The Rough Riders – Seven Things You Didn’t Know About Theodore Roosevelt’s Famous Volunteers

Theodore Roosevelt leads the Rough Riders up San Juan Hill.
Theodore Roosevelt leads the Rough Riders up Kettle Hill.

“They proved themselves to be as brave and steady in the heat of battle as the hardened veterans they fought alongside.”

By Mark Lee Gardner

THE THREE-AND-A-HALF MONTH Spanish American War is one of United States’ least understood conflicts. But because of a 39-year-old New York bureaucrat-turned-soldier named Theodore Roosevelt, and his ragtag regiment of western cowboys, Indians, and East Coast swells known as the “Rough Riders,” an iconic moment from one of that war’s pivotal land battles remains forever etched in the American consciousness.

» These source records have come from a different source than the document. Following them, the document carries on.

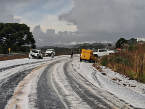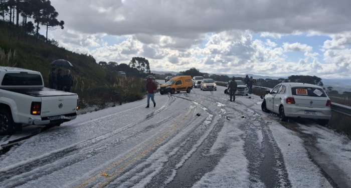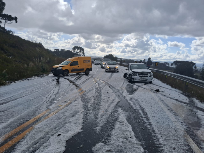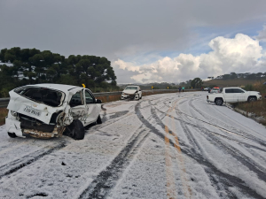 Na tarde desta segunda-feira (09), a guarnição de serviço deslocava-se para o atendimento de uma ocorrência no município de São Joaquim quando se deparou com uma intensa tempestade de granizo. Na sequência, se deparou com um acidente de trânsito que envolveu cinco veículos.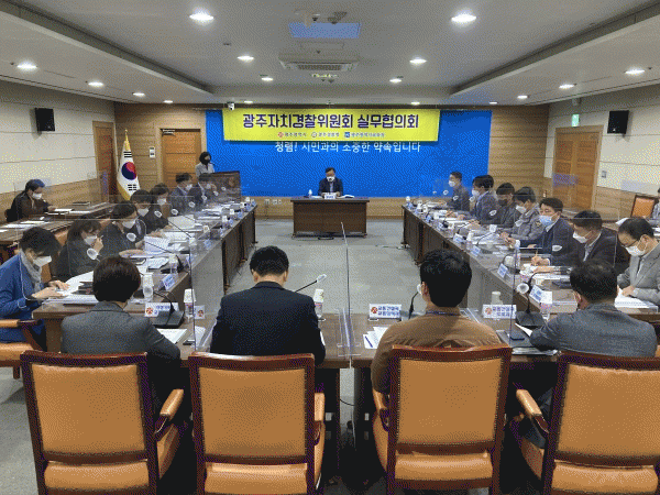 [¹Ìµð¾îÀü³² Á¦°¥´ëÁ¾ ±âÀÚ] ±¤ÁÖ±¤¿ª½Ã ÀÚÄ¡°æÂûÀ§¿øÈ¸´Â 20ÀÏ ½Ãû¿¡¼ ±¤ÁÖ½Ã, ±¤ÁÖ°æÂûû, ±¤ÁÖ±³À°Ã» µî À¯°üºÎ¼ °ü°èÀÚ µîÀÌ Âü¼®ÇÑ °¡¿îµ¥ 2Â÷ ½Ç¹«ÇùÀÇȸ¸¦ °®°í µðÁöÅÐ ¼º¹üÁË ÇÇÇØÀÚ º¸È£ ÃßÁø µî °ü°è±â°ü Çù·Â »çÇ×À» ³íÀÇÇß¡¦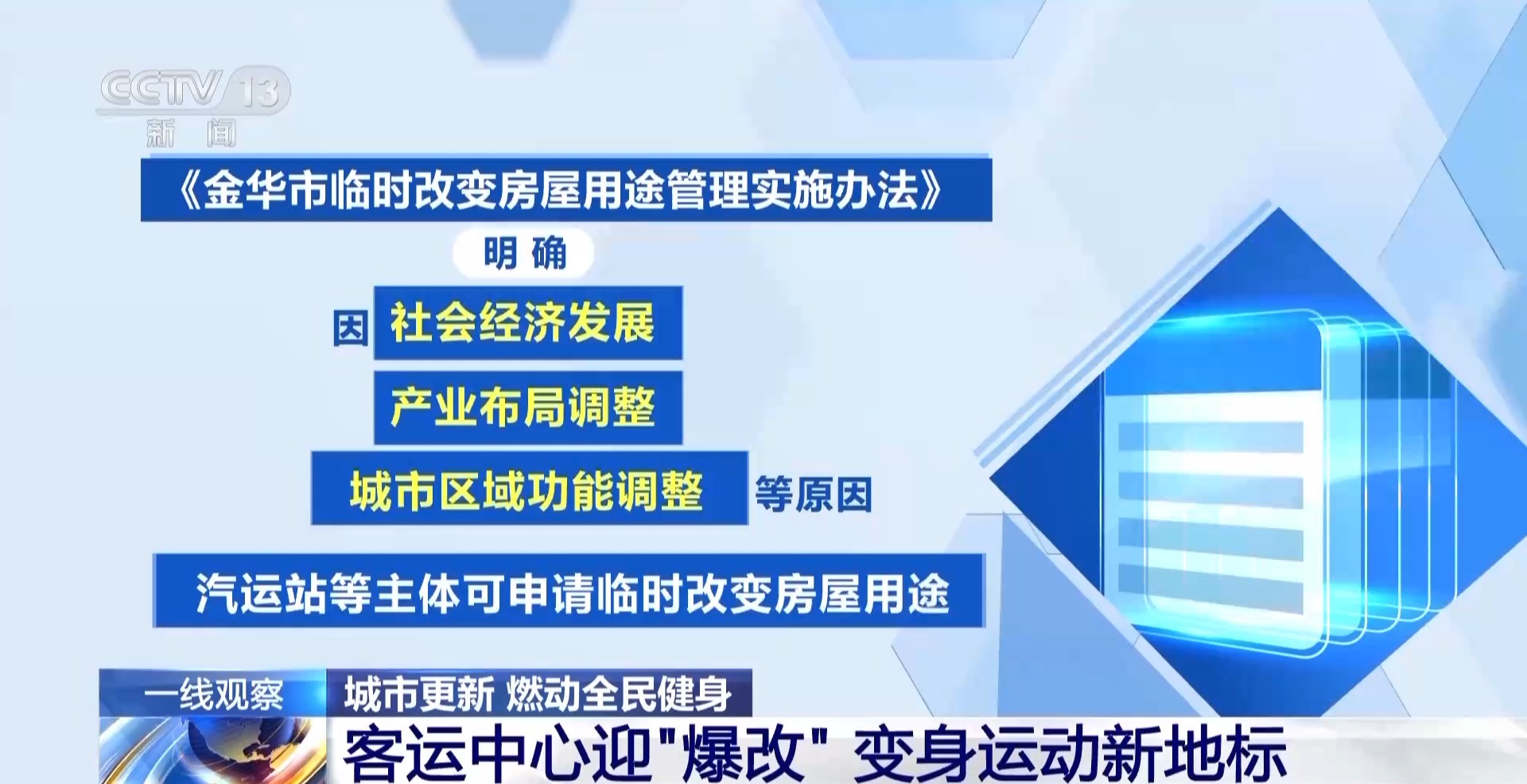 為破解城市更新中業(yè)態(tài)轉(zhuǎn)型難題,金華市出臺(tái)了臨時(shí)改變房屋用途管理實(shí)施辦法,明確因社會(huì)經(jīng)濟(jì)發(fā)展、產(chǎn)業(yè)布局調(diào)整、城市區(qū)域功能調(diào)整等原因,汽運(yùn)站等主體可申請(qǐng)臨時(shí)改變房屋用途。金華市汽車南站也成為首批受益的城市更新項(xiàng)目。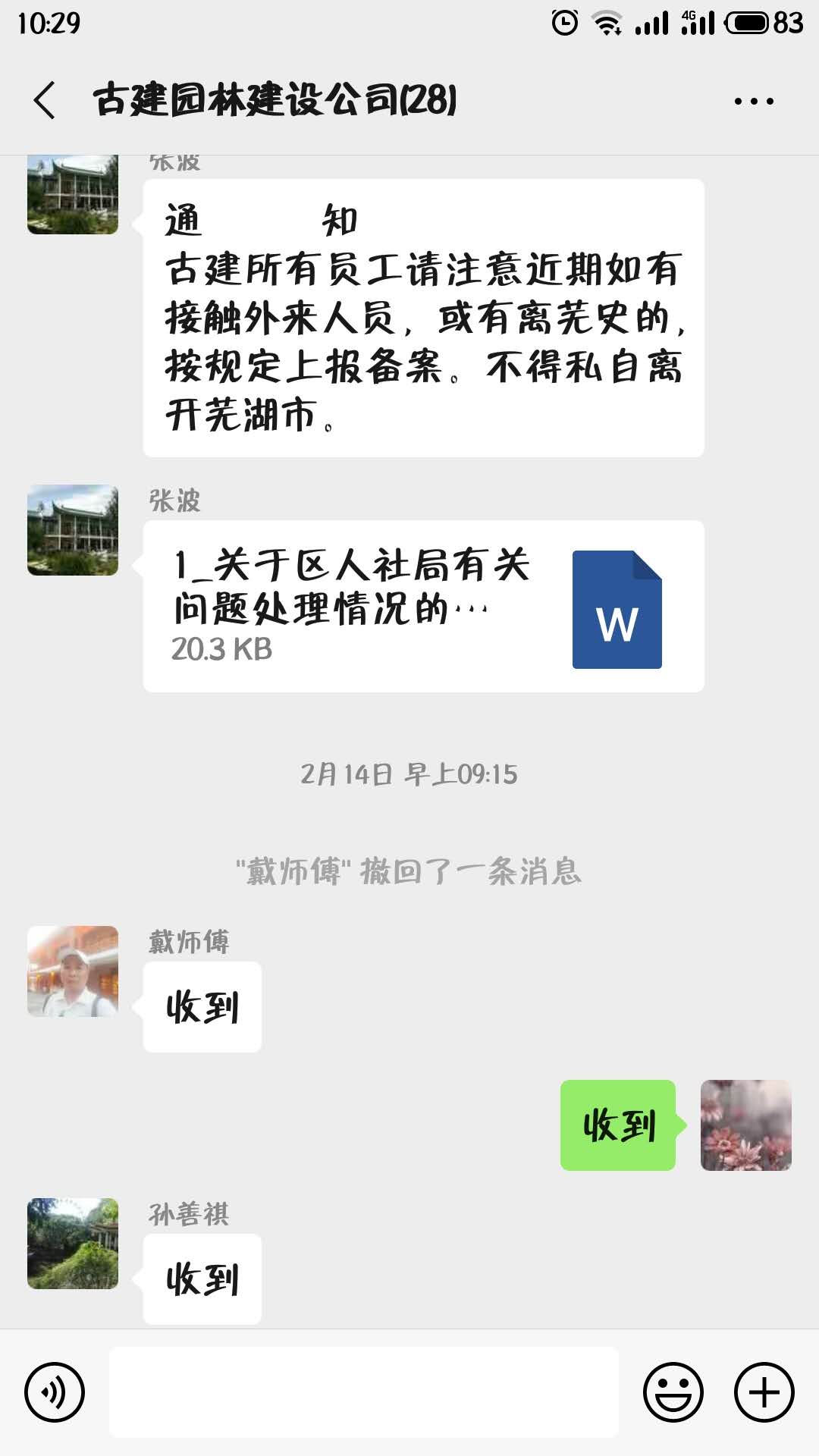古建公司每日值班領(lǐng)導對當日疫情防控工作負責,認真做好值班值守工作,保證通訊24小時(shí)暢通。加強信息報送。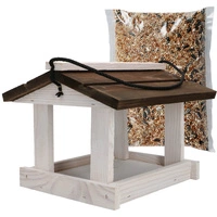 Krmítko pro ptáky dřevěné bílé hnědé + krmivo 0,5 kg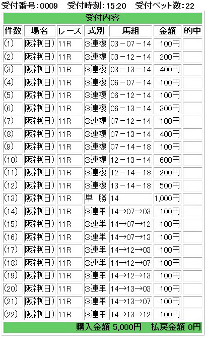 ◎固定軸、◯▲と一部△から流す三連複、◎の単勝、それに◎から三連単を適当に少々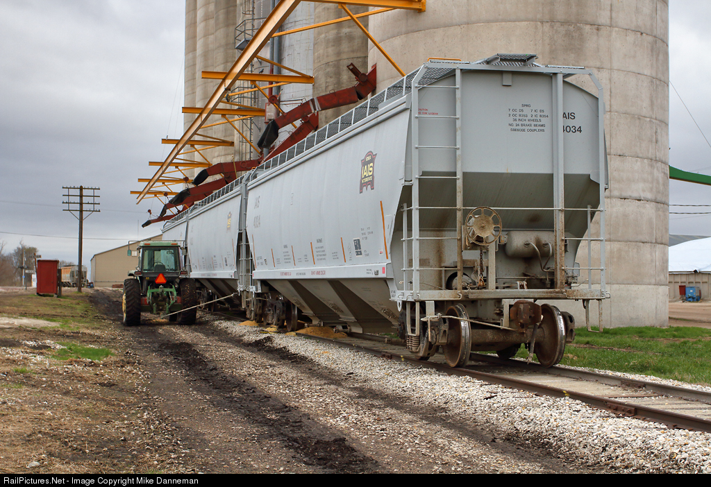 Tractor pull! Three covered hoppers dropped off at the grain elevator at Dexter, Iowa, on the Iowa Interstate Railroad are spotted by a reliable John Deere tractor. No need for a locomotive at this elevator. By the muddy markings along the track, the tractor has been busy moving cars!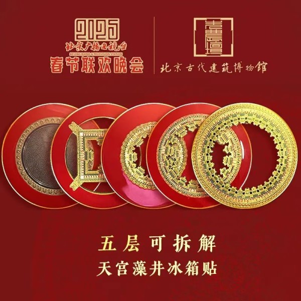该产品以彩色浮雕形式的旋转冰箱贴,体现北京古代建筑博物馆的藻井之精美。
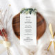 Enhance your reception with this tropical-themed menu card, adorned with lush green leaves and botanical details. Perfect for a destination wedding, this menu card is customizable to display your selected dishes and courses, bringing a touch of tropical elegance to every table.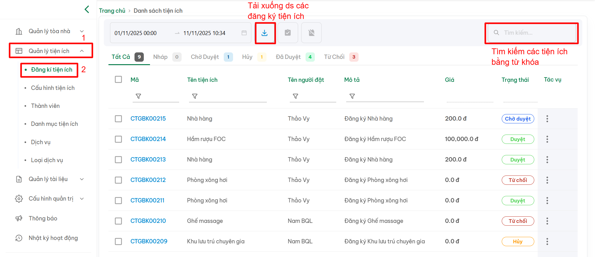 - Đã duyệt: Yêu cầu đăng ký đã được Ban quản lý phê duyệt, người dùng có thể sử dụng tiện ích theo thời gian đăng ký.
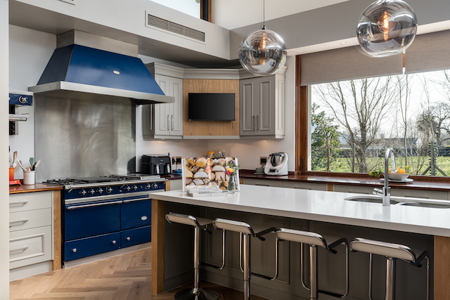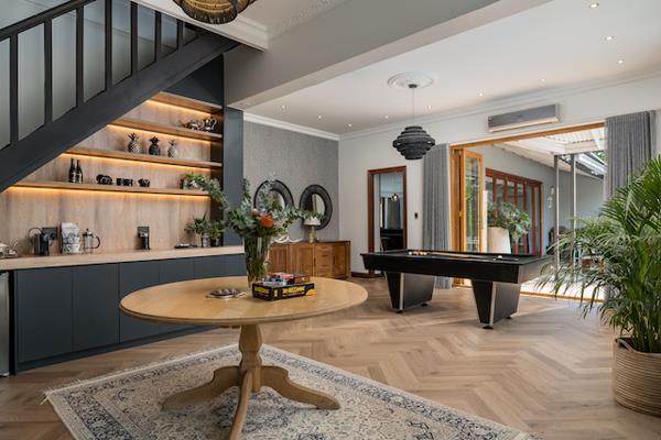 The entertainment flow continues into the games room, fitted with a pool table and coffee station that opens directly onto the courtyard. The spacious kitchen is a chefs dream, boasting a centre island, comfortable seating area, and premium appliances including a Le Canche cooker with gas and electric ovens, gas hob with plancha, extractor fan, and salamander grill. A corridor lined with pantry cupboards leads to the separate scullery, laundry room, and double garage access.
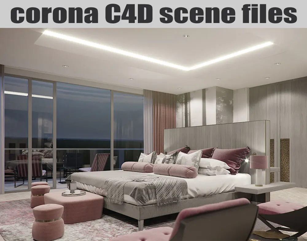 Corona C4D files - Master Bedroom Scene (Interior CGI)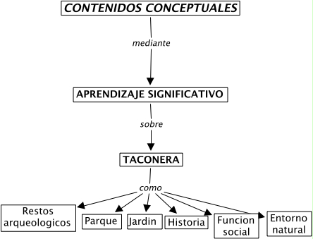 Contenidos conceptuales, TACONERA como Restos arqueologicos, TACONERA como Entorno natural, APRENDIZAJE SIGNIFICATIVO sobre TACONERA, TACONERA como Parque, TACONERA como Funcion social, CONTENIDOS CONCEPTUALES mediante APRENDIZAJE SIGNIFICATIVO, TACONERA como Jardin, TACONERA como Historia

Of course, the Rough Riders weren’t the only unit to charge up Cuba’s San Juan Hill on a blistering July day in 1898. More than 8,000 officers and men of the U.S. Army’s Fifth Corps, both infantry and dismounted cavalry, including four regiments of African American “Buffalo Soldiers,” participated in the Battle of San Juan Heights. But it was Roosevelt and his Rough Riders, the media darlings of the war, who captured the public’s imagination. And they proved themselves to be as brave and steady in the heat of battle as the hardened veterans they fought alongside of.

Here are seven things you may not know about this fabled regiment of American adventurers and its extraordinary leader.

Colonel Theodore Roosevelt. (Image source: WikCommons)

Roosevelt initially turned down the command

Secretary of War Russell Alger offered Roosevelt, at the time the Assistant Secretary of the Navy, the colonelcy of the First U.S. Volunteer Cavalry. But the future president doubted he had the experience necessary to lead a regiment. Instead, he requested that Alger appoint a close friend, Captain Leonard Wood, to command the unit and that he be made lieutenant colonel. Alger did just that. But before the battle at San Juan, Wood was promoted to brigade commander, leaving Roosevelt to take charge of the Rough Riders. He was promoted to full colonel on July 11, 1898.

The Rough Riders and their regimental mascots. (Image source: Harvard College Library)
The Rough Riders and their regimental mascots: Teddy, Josephine and Cuba. (Image source: Harvard College Library)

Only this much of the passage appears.